Courses on medical ethics became widely available in the 1970s. Canadian universities and some colleges offer at least one and sometimes several undergraduate courses. Coursework in ethics is required for medical residents at all Canadian medical schools, as mandated by the Royal College of Physicians and Surgeons of Canada. All of the basic principles and processes of medical ethics are addressed, including: knowledge of ethical theories and issues, ethical dimensions of all medical decision-making, and the personal ethical choices of residents. The college also requires that knowledge of ethics and ethical behaviour be evaluated before medical accreditation is granted.

Graduate instruction is also available in some Canadian universities; no longer confined to departments of philosophy, theology or religious studies, integrated graduate degrees in bioethics with interdisciplinary training were introduced in some Canadian universities in the 1990s. Because of year-to-year variations, it is difficult to say how many hours of instruction in bioethics, on average, are included within the medical school curriculum. Growth in this area, though, is beyond dispute. For several decades prior to the 1970s, formal ethical instruction included within the medical curriculum was the exception; today, it is the rule.

Research into aspects of medical ethics is conducted by individual scholars from many disciplines, including the health professions, the humanities and the social sciences. In addition, research institutes investigating questions of medical ethics have been established in a number of Canadian cities including Montréal (Centre de Bioethique and McGill's Division of Medical Bioethics), Toronto (Centre for Bioethics), Vancouver (UBC Centre for Applied Ethics) and London, Ont (the Westminster Institute). Institutions involved in medical research have commonly established ethics committees to review the ethics of proposed research programs. These committees refer to guidelines on the ethics of research jointly established by the Canadian Institutes of Health Research (CIHR), the Social Sciences and Humanities Research Council and the Natural Sciences and Engineering Research Council. Increasingly, hospitals and other institutional providers of health care are establishing internal ethics committees to additionally consider their own practices and those of their staff.

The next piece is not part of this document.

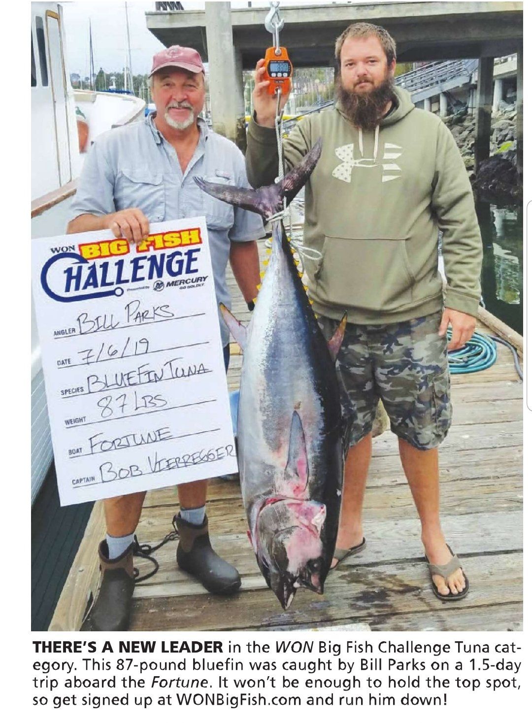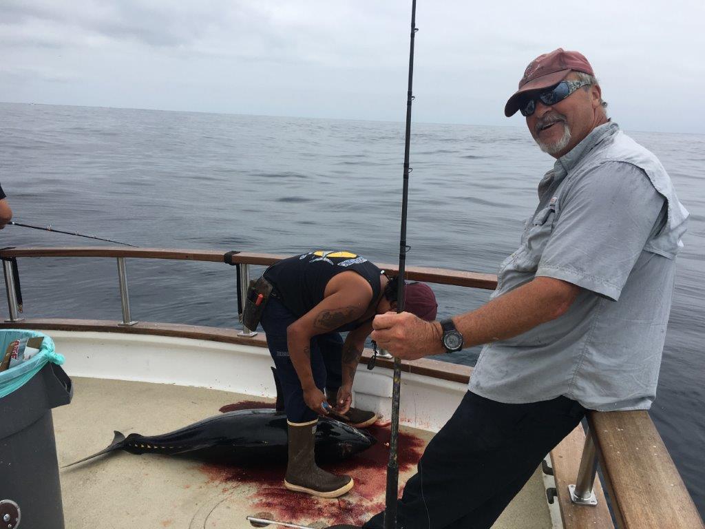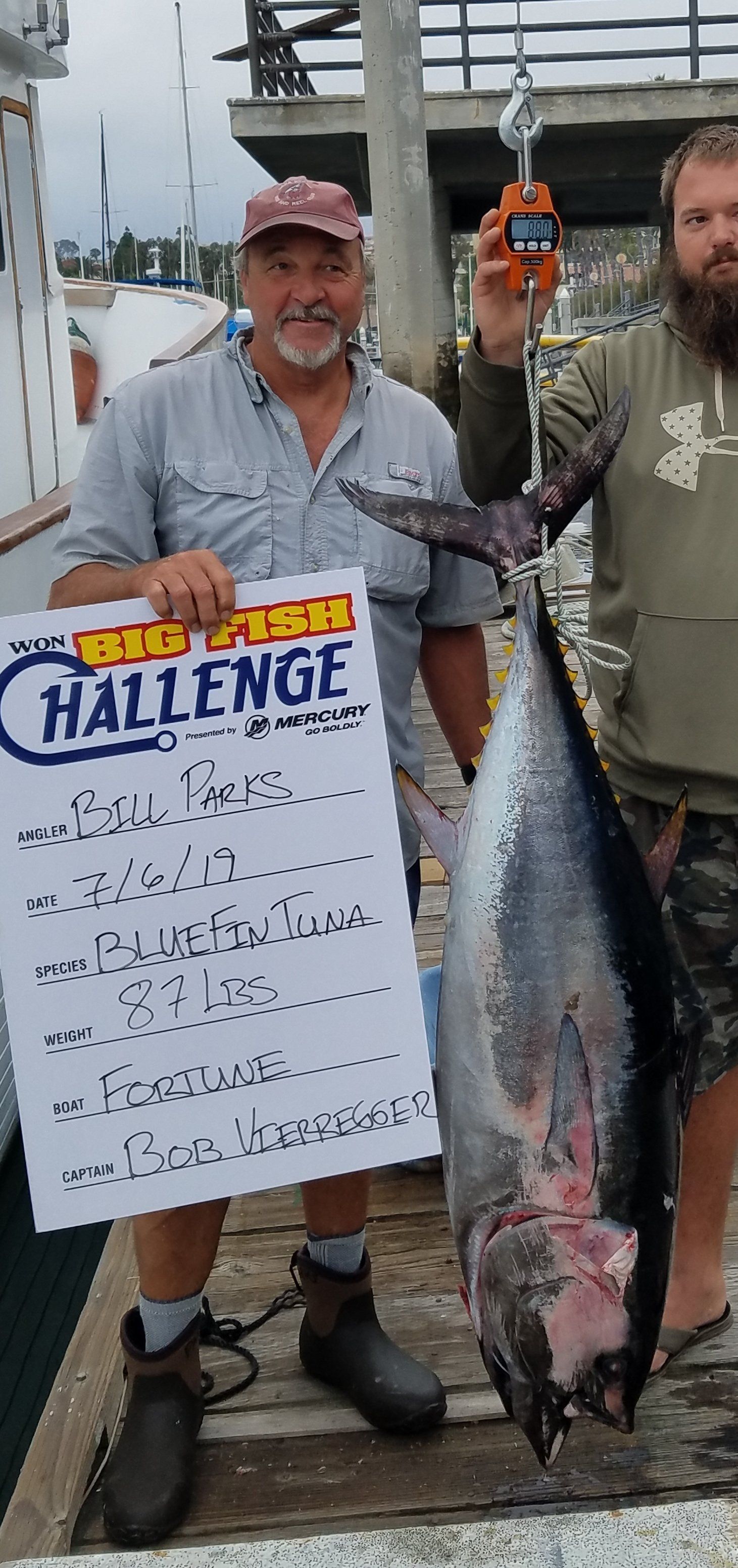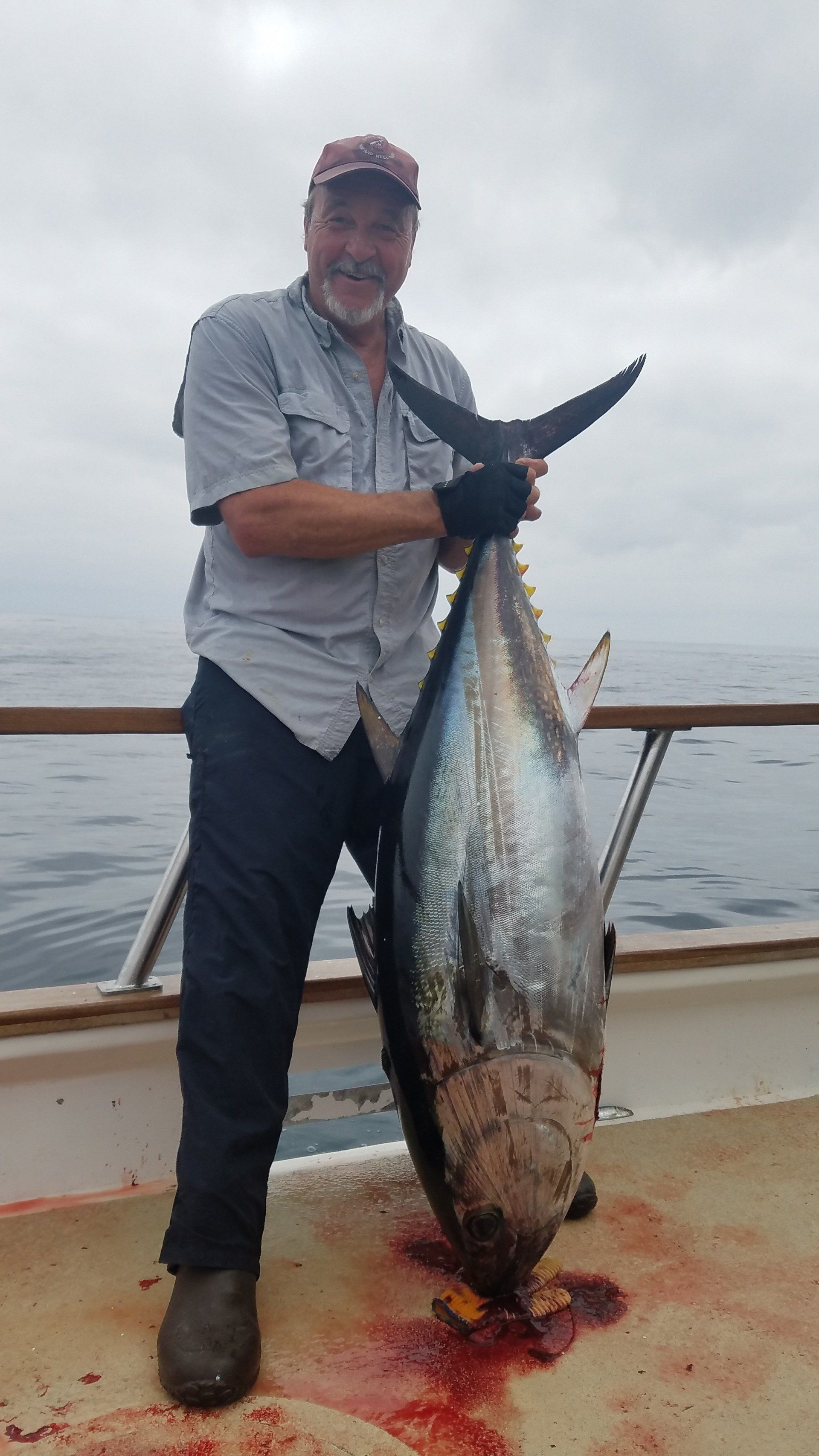 Bill Parks kept his BFT whole for the weigh-in (actually 87.0 lbs – just ½ lb below the formula.) at the dock for the contest . Nick’s BFT was filleted on the way back.

The Institutes of the CIHR are responsible for ensuring that all health research in the country adheres to legal ethical standards. The CIHR is mandated by Parliament to adhere to the highest international ethical standards, apply ethical principles to health research, and monitor and evaluate ethical issues. Ethics is a shared responsibility that extends across all levels of the CIHR. The standing committee on ethics identifies emerging ethical issues, the ethics office develops and implements ethics in research policies, each institute advisory board considers ethics in the mandate of the institute and has a formal ethics designate, and peer review committees that help to determine project funding include a focus on ethics. There is additional support for ethical issues related to research integrity and stem cell research.